AAN/AES Guideline Update: Efficacy & Tolerability of New AEDs I — New-Onset Epilepsy (2018)

This topic summarizes the 2018 AAN/AES practice guideline update on the efficacy and tolerability of second- and third-generation antiepileptic drugs for new-onset epilepsy, published in Epilepsy Currents (Kanner AM et al., 2018).

🔹 Bottom Line

  • Guideline: 2018 AAN/AES practice guideline update — updates the 2004 guideline on 8 second-generation + 6 third-generation AEDs for new-onset epilepsy
  • Focal epilepsy monotherapy: LTG (Level B) and LEV (Level C) may be considered; ZNS (Level C) also an option — all compared against CBZ-CR/CBZ-IR
  • Elderly (≥60 yr): LTG (Level B) and GBP (Level C) should be considered for new-onset focal epilepsy
  • Children — focal seizures: TPM 400 mg/d is possibly more effective than 50 mg/d (1 Class II) but no clinical recommendation can be made
  • Childhood absence epilepsy: ETS or VPA should be used before LTG unless compelling AE-related concerns (Level B); LTG is probably equally effective as ETS or VPA
  • No data exist for new AED efficacy in new-onset GE with GTC seizures, JME, or juvenile absence epilepsy
  • Third-generation AEDs: No high-quality studies for CLB, ESL, EZG, FBM, GBP, LTG, LEV, LCM, OXC, PER, PGB, RFN, TGB, TPM, VGB, or ZNS in new-onset epilepsy
  • FDA extrapolation: ESL and LCM (add-on or monotherapy, ≥4 yr) and PER (monotherapy) approved for focal epilepsy via extrapolation strategy
  • OXC remains the only AED with Level A evidence for new-onset focal epilepsy (unchanged from 2004)

Guideline Overview

Source & Scope

  • Organizations: AAN Guideline Development, Dissemination, and Implementation Subcommittee + AES
  • Published: Epilepsy Currents, Vol. 18, No. 4, July/August 2018, pp. 260–268
  • Authors: Kanner AM, Ashman E, Gloss D, Harden C, Bourgeois B, Bautista JF, et al.
  • Objective: Update the 2004 AAN guideline for treating new-onset focal or generalized epilepsy with second- and third-generation AEDs
  • Literature review: January 2003 to November 2015; 2004 AAN criteria used for classification
  • Companion guideline: Part II covers treatment-resistant epilepsy (separate publication)

AEDs Covered

GenerationDrugs
Second-generation (8)GBP, LTG, TPM, TGB, OXC, LEV, ZNS, VGB
Third-generation (6)CLB, ESL, EZG, LCM, PER, PGB, RFN
Older AEDs (2, newly approved in US)CLB, VGB

Key Question

  • For adults and children with newly diagnosed epilepsy, how do CLB, ESL, EZG, FBM, GBP, LTG, LEV, LCM, OXC, PER, PGB, RFN, TGB, TPM, VGB, and ZNS compare in efficacy and tolerability with older AEDs?

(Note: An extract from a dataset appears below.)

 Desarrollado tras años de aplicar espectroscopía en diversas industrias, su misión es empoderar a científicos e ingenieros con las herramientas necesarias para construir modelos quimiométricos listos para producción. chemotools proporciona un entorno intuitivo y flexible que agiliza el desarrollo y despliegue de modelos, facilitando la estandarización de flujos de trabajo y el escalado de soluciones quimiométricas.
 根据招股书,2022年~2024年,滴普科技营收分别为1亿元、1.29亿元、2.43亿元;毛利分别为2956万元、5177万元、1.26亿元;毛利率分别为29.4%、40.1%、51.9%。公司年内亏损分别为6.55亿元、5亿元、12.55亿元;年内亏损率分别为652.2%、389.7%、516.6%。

Evidence Classification Changes from 2004

  • 3 LTG studies: downgraded from Class I → Class II
  • 1 GBP study: downgraded from Class I → Class III
  • 2 TPM studies: downgraded from Class I → Class III
  • 4 OXC studies: remain Class I (unchanged)
  • Net effect: GBP and TPM → possibly effective (Level C); LTG → probably effective (Level B); OXC → unchanged (Level A)

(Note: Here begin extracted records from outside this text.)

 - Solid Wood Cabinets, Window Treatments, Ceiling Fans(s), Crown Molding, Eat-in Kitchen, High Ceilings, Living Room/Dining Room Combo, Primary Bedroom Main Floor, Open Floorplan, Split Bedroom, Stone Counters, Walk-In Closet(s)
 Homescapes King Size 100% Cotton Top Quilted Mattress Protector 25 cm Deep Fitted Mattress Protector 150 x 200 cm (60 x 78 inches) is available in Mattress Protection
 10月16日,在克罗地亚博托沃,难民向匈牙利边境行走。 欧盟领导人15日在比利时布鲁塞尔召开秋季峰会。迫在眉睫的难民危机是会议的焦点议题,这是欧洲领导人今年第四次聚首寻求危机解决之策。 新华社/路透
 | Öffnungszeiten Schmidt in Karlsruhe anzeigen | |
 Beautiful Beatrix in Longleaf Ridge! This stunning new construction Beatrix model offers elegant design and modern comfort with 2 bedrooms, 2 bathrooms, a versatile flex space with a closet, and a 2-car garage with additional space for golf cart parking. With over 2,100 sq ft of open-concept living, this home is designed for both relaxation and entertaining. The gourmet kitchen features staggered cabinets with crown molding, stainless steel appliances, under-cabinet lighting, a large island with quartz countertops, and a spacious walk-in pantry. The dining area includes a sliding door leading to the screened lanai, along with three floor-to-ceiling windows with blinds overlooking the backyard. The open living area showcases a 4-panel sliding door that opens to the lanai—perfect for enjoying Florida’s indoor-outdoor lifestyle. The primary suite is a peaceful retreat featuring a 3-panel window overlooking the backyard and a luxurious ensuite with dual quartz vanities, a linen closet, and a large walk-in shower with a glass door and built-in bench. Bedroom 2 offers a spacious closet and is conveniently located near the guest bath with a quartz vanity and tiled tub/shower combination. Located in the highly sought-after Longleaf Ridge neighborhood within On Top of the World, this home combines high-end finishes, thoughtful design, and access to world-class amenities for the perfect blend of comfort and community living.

2004 Guideline Summary (Level A/B Recommendations)

AEDMonotherapy Focal / Mixed (focal + IGE)Childhood Absence Epilepsy
GabapentinYesNo
LamotrigineYesYes
TopiramateYesNo
TiagabineNoNo
OxcarbazepineYesNo
LevetiracetamNoNo
ZonisamideNoNo

🔹 Clinical Pearl

OXC is the ONLY AED with Level A evidence for new-onset focal epilepsy (4 Class I studies, unchanged in the 2018 update). LTG is Level B. GBP and TPM were downgraded from their 2004 evidence levels. For boards, remember: OXC > LTG > GBP/TPM in evidence strength for new-onset focal epilepsy.

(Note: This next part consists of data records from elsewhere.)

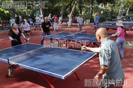 2023年8月7日,在乌鲁木齐市人民公园内,各年龄段的市民们正在一起打乒乓球健身。石榴云新疆日报记者 秦鹏摄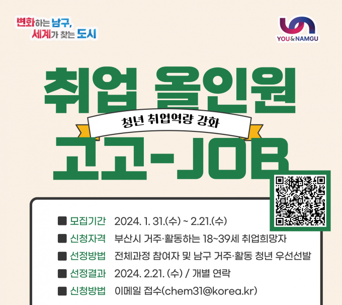 부산 남구는 청년들의 취업 준비를 지원하고, 미래에 더 나은 일자리를 찾을 수 있도록 ‘취업 올인원 고고-JOB’ 프로그램을 추진한다.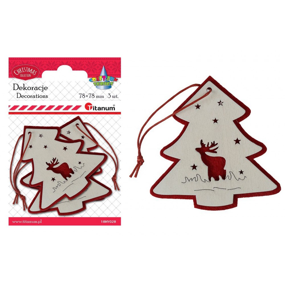 Zawieszka filcowo-drewniana choinka 78x78mm 3 szt Titanum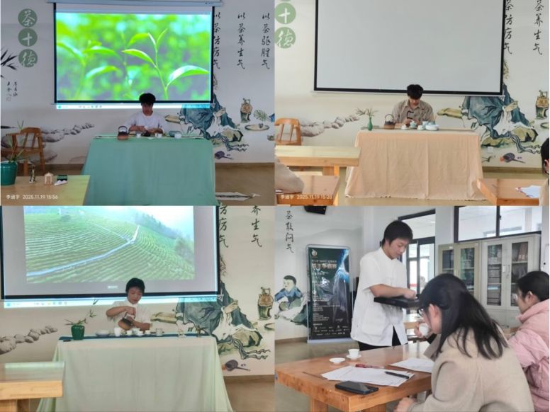 2025 年 11 月 19 日,第五届“中茶杯”全国大学生茶艺技能大赛澳门pg官方电子平台校赛圆满收官,本次比赛由澳门pg官方电子平台茶学系、茶青社承办,赛事紧扣“茶艺技能精进 + 创新实践赋能” 核心方向,设置团体赛与个人赛两大竞赛类别,茶学及相关专业近20名学子参加了此次比赛。比赛评审团由马瑛、吴冲、程晓梅、袁月、常娜和尹旭超等专业老师组成,从茶艺创新、技艺呈现、文化表达及茶汤质量等多维度对选手进行综合考评。

Monotherapy in Adults: New-Onset Focal Epilepsy

New Studies Since 2004

  • 2 Class I, 5 Class II, and 2 Class III studies published since 2004
  • 1 study in patients aged ≥60 years; 1 study in patients aged ≥65 years

GBP vs LTG vs CBZ-IR (Class II)

  • Doses: GBP ≤1,500 mg/d; LTG ≤150 mg/d; CBZ-IR ≤600 mg/d
  • Population: Patients ≥60 years
  • Primary outcome: Retention in trial for 12 months (seizure recurrence or AEs despite dose adjustments)
  • Drug discontinuation less frequent with LTG or GBP than with CBZ-IR → better LTG tolerability
  • Common AEs: GBP → higher weight gain, water retention; LTG → rash; CBZ → hyponatremia
  • All 3 AEDs did not differ in neurologic AEs

LTG vs CBZ-CR (Class I)

  • Doses: LTG 100–500 mg/d; CBZ-CR 400–2,000 mg/d
  • Population: Focal epilepsy, patients ≥65 years
  • Primary outcome: Retention in trial at final 20 weeks
  • Seizure-free rates: LTG 52% vs CBZ-CR 57% (same)
  • AE-related withdrawal higher for CBZ-CR (14% LTG vs 25% CBZ-CR) — did not reach statistical significance
  • Common AEs: LTG → dizziness, headache, fatigue; CBZ-CR → rash, headache, dizziness, somnolence, fatigue

LEV vs CBZ-CR (Class II)

  • Doses: LEV 1,000–3,000 mg/d; CBZ-CR 400–1,200 mg/d
  • Seizure-free rates: Almost identical for LEV and CBZ-CR at 6 months and 1 year
  • AEs more common with LEV: Depression, insomnia, back pain, weight gain
  • AEs more common with CBZ-CR: Headache, fatigue, somnolence, dizziness

ZNS vs CBZ-CR (Class II)

  • Doses: ZNS 300–500 mg/d; CBZ-CR 600–1,200 mg/d
  • Population: 74% focal-onset, 26% unknown epilepsy
  • Primary outcome: Percentage seizure-free for 26 weeks
  • Results: Seizure-free rates nearly identical for ZNS and CBZ-CR
  • AEs more common with ZNS: Decreased appetite, weight loss
  • AEs more common with CBZ-CR: Dizziness
  • Headache, dizziness, and somnolence most frequent in both groups

LTG vs GBP vs TPM vs OXC vs CBZ (SANAD-Arm A, Class III)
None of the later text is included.